Material provided below:

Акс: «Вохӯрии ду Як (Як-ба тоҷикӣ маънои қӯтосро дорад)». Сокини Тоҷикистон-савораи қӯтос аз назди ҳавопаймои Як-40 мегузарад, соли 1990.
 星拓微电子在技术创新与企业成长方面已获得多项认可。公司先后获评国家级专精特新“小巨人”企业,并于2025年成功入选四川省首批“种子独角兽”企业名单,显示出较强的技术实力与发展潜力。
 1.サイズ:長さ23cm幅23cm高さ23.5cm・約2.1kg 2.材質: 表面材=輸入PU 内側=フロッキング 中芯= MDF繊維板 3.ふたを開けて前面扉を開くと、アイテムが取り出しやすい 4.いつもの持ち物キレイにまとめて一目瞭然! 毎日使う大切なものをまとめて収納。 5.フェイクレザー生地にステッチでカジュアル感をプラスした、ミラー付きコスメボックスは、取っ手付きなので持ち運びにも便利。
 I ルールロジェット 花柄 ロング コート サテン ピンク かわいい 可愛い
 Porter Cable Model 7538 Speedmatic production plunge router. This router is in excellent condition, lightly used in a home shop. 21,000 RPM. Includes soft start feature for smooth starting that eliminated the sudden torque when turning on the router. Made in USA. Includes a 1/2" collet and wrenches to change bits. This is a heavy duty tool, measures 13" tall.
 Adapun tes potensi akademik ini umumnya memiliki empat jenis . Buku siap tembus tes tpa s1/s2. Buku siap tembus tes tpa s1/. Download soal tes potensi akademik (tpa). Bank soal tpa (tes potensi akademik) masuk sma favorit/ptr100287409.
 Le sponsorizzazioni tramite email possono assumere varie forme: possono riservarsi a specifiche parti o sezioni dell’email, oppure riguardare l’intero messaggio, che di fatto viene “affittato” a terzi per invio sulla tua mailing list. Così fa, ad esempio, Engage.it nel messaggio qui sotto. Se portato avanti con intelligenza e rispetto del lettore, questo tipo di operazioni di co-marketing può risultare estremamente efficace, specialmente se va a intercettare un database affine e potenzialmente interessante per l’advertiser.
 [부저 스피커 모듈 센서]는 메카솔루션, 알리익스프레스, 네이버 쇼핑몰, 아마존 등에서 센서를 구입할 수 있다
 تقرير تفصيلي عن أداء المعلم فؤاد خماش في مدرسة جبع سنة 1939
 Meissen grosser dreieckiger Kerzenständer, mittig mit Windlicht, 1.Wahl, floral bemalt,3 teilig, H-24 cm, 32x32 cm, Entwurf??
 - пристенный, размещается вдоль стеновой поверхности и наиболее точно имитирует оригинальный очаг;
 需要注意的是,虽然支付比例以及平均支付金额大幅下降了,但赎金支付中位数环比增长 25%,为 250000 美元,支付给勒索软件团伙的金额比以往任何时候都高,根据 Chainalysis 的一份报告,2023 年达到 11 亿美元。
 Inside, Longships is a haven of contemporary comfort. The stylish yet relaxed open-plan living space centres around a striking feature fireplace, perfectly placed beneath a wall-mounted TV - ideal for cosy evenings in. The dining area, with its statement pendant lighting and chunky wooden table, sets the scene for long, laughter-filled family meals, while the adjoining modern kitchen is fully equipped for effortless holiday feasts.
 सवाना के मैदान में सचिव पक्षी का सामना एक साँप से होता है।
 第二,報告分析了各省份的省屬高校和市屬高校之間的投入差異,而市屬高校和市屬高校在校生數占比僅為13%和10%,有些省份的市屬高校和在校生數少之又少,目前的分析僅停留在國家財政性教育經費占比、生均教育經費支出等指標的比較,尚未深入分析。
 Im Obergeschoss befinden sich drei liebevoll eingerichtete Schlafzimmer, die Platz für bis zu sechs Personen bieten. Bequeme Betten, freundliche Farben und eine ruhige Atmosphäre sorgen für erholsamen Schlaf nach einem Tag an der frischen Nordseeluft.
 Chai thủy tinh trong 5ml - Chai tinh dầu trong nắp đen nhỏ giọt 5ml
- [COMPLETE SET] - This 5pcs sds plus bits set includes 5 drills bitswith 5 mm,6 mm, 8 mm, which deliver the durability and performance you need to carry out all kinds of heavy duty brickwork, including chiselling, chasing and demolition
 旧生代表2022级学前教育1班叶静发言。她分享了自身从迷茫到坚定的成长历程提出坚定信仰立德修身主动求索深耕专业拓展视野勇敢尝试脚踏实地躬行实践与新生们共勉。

End of Material provided.

• **What is expected**
Output exactly the leading lines of the data, up to and including the line marked by "星拓微电子在技术创新与企业成".

• **Output of the exercise**
Акс: «Вохӯрии ду Як (Як-ба тоҷикӣ маънои қӯтосро дорад)». Сокини Тоҷикистон-савораи қӯтос аз назди ҳавопаймои Як-40 мегузарад, соли 1990.
 星拓微电子在技术创新与企业成长方面已获得多项认可。公司先后获评国家级专精特新“小巨人”企业,并于2025年成功入选四川省首批“种子独角兽”企业名单,显示出较强的技术实力与发展潜力。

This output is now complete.